Mathematically, positional hit and miss scores are calculated at each position \(i\) in a rank-ordered list of length \(L\) based on the ranks of the screened shRNAs targeting the gene of interest, \(G_{f, t} = (h_1, ..., h_{|G_{f, t}|})\), where each \(h\) represents a single rank in the rank ordered list:
\(P_H(G_{f, t}, i) = \sum_{h_{j \leq i} \in G_{f, t}} \frac{h_j}{\sum_{h \in G_{f, t}}h}\)
\(P_M(G_{f, t}, i) = \sum_{h_{j \leq i} \not\in G_{f, t}} \frac{1}{L - |G_{f, t}|}\)
Similarly, inverse positional ES are computed to test for rank enrichment at the right end of the rank-ordered list using an inverse shRNA rank set \(G^I_{f, t} \) where
\(G^I_{f, t} = L - G_{f, t} + 1\)
Finally, dES are computed as
\(\epsilon_d(G_{f, t}) = \max[\max(P_H(G_{f, t}) - P_M(G_{f, t})), \max(\vec{P}_H(G^I_{f, t}) - \vec{P}_M(G^I_{f, t}))\)

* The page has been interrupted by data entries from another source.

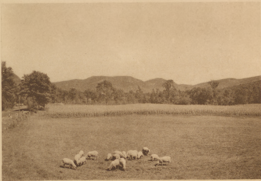
The Maine countryside is clothed with scenes of peace and stability.
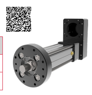
FTX Series — Hydraulic Cylinder Replacement Applications (for use with a variety of motors and gearboxes)
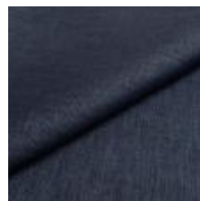
Fabric Lido trend 104 Night 10 1017507
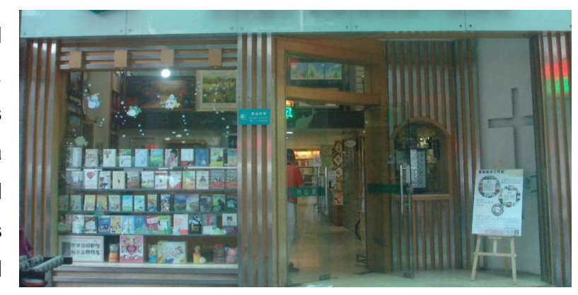
A Christian bookstore in the mainland

of the 90s, private Christian bookstores began to open, mostly operated by believers with a heart for literature ministry. These bookstores flourished the most during the first 10 years of the 2000s, with 500 bookstores around the nation at its height. Regrettably, because most operators lacked basic experience in operations management, and other factors such as the instability of the volume of new books, most of these bookstores had a lifespan of just 3 to 5 years. Nowadays, the number of bookstores remains at around 200. These workers of literature ministry operate and struggle on the margins of official policy for the sake of that historic calling from the Lord!
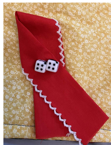
Ideas for Fidget Quilts
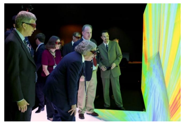
U.S. Energy Secretary Ernest Moniz views a 3-D simulation of a nuclear reactor core enabled by VERA.

The VERA software is made up of many interacting computer codes that will enable researchers to simulate the atomic-level physics of any reactor core element at any time, with unprecedented clarity.
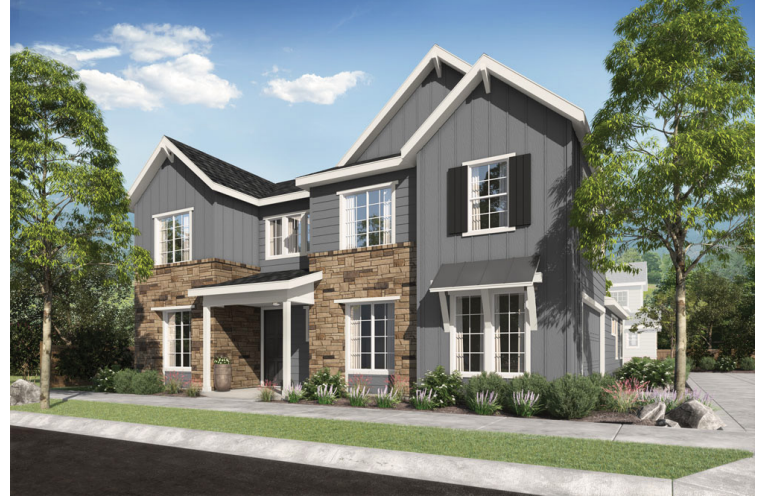
RANCH - 2942 SqFt
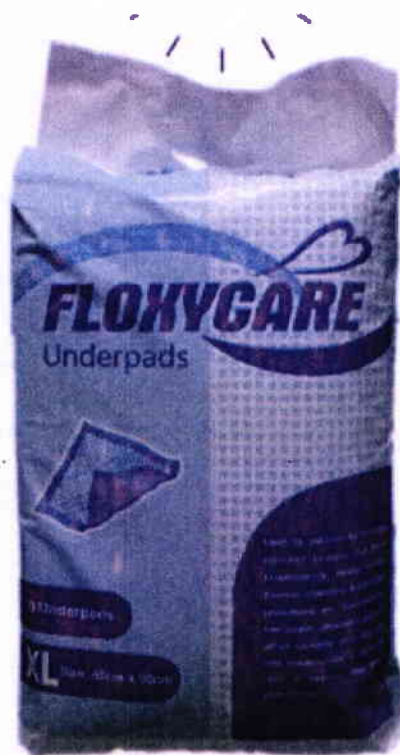
Figure 3. Unnotified Floxycare Underpads
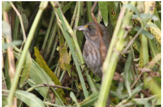
Seaside Sparrow ( Ammodramus maritimus ). Pennsylvania's sixth (if accepted) Seaside Sparrow was present on the Bainbridge Islands, Lancaster , in the middle of the Susquehanna, 4 to 6 October 2014 (here 5 October). It was seen by several birders who made the trek to the site via canoe, but proved difficult (yet not impossible) to pin down for photos.
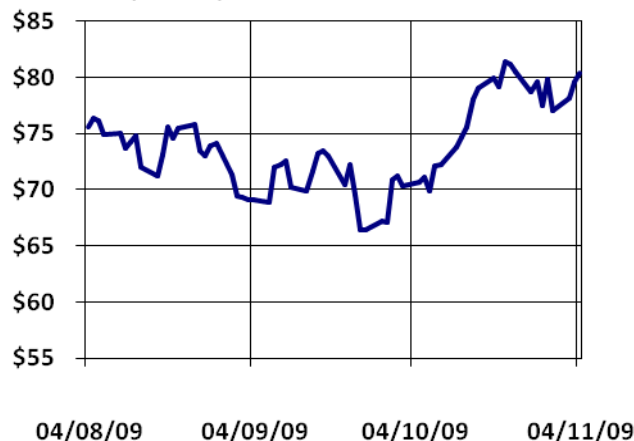
WTI (DEC09) CRUDE 3-MONTH PERFORMANCE

This morning, WTI and Brent are trading lower at $79.83 and $78.22, respectively.
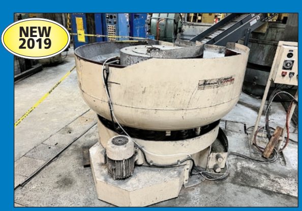
Roto-Finish Model ER-1822 Vibratory Finishing Bowl
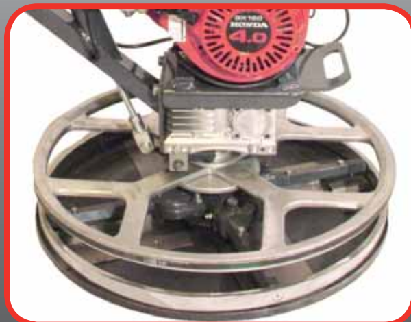
Spinning Guard Ring allows edge to edge Trowelling
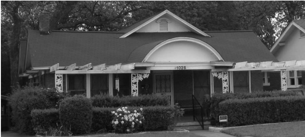
Oswald Boarding House at 1026 North Beckley, Oak Cliff, Dallas, imaged in 2015
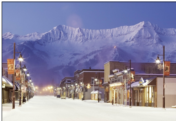
Downtown Fernie with the Fernie Alpine Resort in the background.
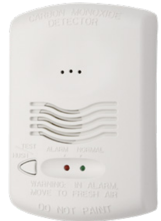
CO1224T Carbon Monoxide Detector
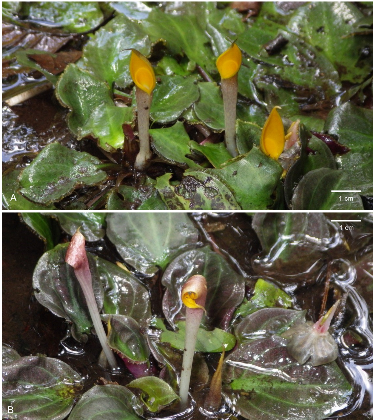
Fig. 3. Cryptocoryne aura , close-up of plants in Fig. 2. – A: newly opened spathes showing subobliquely twisted limb; B: older spathes showing forward-twisted limb.

Most species of Cryptocoryne have a rather undifferentiated embryo, which pushes through the distal end of the seed (micropylar end), and the root hairs can be seen at the “tip” of the embryo; just behind that, the plumular processes (prophylls) are seen pointing “backwards”. After further growth, more roots and leaves appear. Most of the embryo remains inside the seed, where it serves to absorb the endosperm in order to feed the growing embryo during the initial stages. There are a few exceptions to this simple embryo in
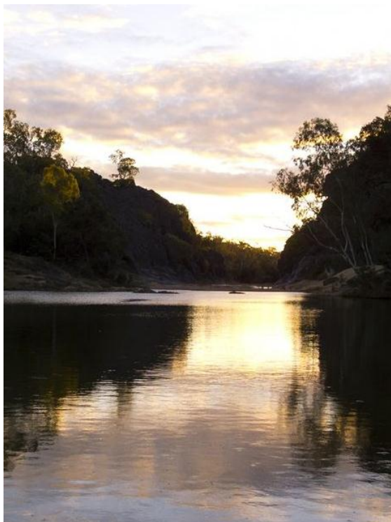
The gorge at sunset
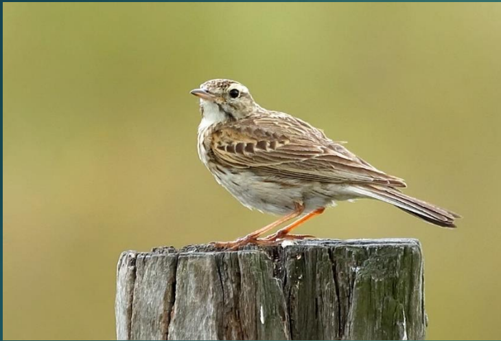
Australian Pipit ( Anthus novaeseelandiae )
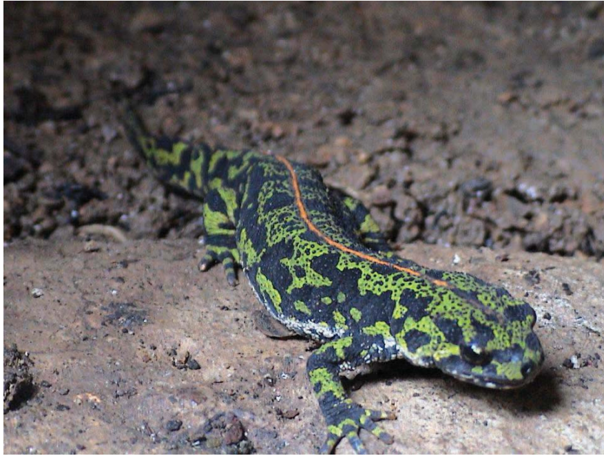
Figure 8 Triturus marmoratus from Dordogne, France.
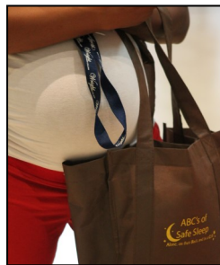
Community Baby Shower for Safe Sleep
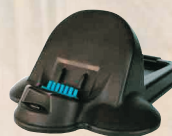
Desktop Cradle (Choice of USB or Serial)
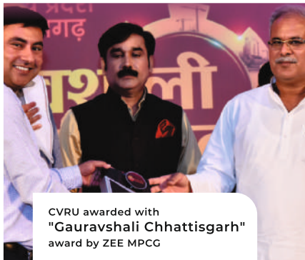
CVRU awarded with "Gauravshali Chhattisgarh" award by ZEE MP/CG

and multiplied with -1 if the inverse directional ES is greater than the directional ES.
Implementation
A Java implementation of dRIGER can be obtained here (Java 1.7 or higher is required):- dRIGER 1.0.0 Executable Jar File with dependencies* (recommended)
- dRIGER 1.0.0 Executable Jar File without dependencies
* includes Apache commons-math 3.4.1
usage:
dRIGER <matrixFilePath> <plateColumnIndex>
<wellColumnIndex> <geneIdentifierColumnIndex>
<timePointColumnIndex> <featureIndexOffset>
[<verbose>] [<numPermutations>] [<separator>]
Argument | Description | Default value | Example |
---|---|---|---|
matrixFilePath | path to hairpin data matrix file | - | data/matrix.txt |
plateColumnIndex | index* of plate column in hairpin data matrix file | - | 0 |
wellColumnIndex | index* of well column in hairpin data matrix file | - | 1 |
geneIdentifierColumnIndex | index* of gene identifier column in hairpin data matrix file | - | 2 |
timePointColumnIndex | index* of time point column in hairpin data matrix file | - | 3 |
featureIndexOffset | index* of first feature column in hairpin data matrix file | - | 4 |
verbose | 1 or 0, if the former is specified, position specific scores are written to disk | 0 | 1 |
numPermutations | number of permutations performed in normalization step | 1000 | 1500 |
separator | column separator of hairpin data matrix file | ,|\t | ; |
Example
Hairpin data matrix file (matrix.txt) with three genes (gene1, gene2, gene3), three hairpins per gene, three features (feature1, feature2, feature3), one plate:
plate,well,gene_symbol,timepoint,feature1,feature2,feature3 plate1,A01,gene1,1,1.78889837051485,-1.38559942409011,-0.110859234100811 plate1,A02,gene2,1,-2.06584308249532,-0.157681530348831,-0.220422916467628 plate1,A03,gene3,1,0.0221250758955861,1.46538326829911,2.87106063095209 plate1,B01,gene2,1,-2.0529896774323,0.48586370321946,-1.1306750087691 plate1,B02,gene1,1,1.97104539052258,-2.0843637263815,-0.15153882256323 plate1,B03,gene3,1,1.71205856937918,0.466104405313041,-1.17867810808908 plate1,C01,gene3,1,0.432190476190475,1.0166497978926,-1.975492519911615 plate1,C02,gene2,1,-1.27350105047672,0.833864097839698,-0.941516050116743 plate1,C03,gene1,1,1.75521582733811,-1.185443963569041,0.180740762397609
Run dRIGER with appropriate arguments:
java -jar dRIGER-jar-with-dependencies.jar matrix.txt 0 1 2 3 4
dRIGER console output:
preprocessing: initialization preprocessing: done generation: initialization dRIGER for feature tp1_feature1 successfully calculated dRIGER for feature tp1_feature2 successfully calculated dRIGER for feature tp1_feature3 successfully calculated generation: done condensation: initialization condensation: done
Enrichment scores were saved to dRIGER_enrichment_scores.txt. The temp directory can be deleted after dRIGER completed the condensation step.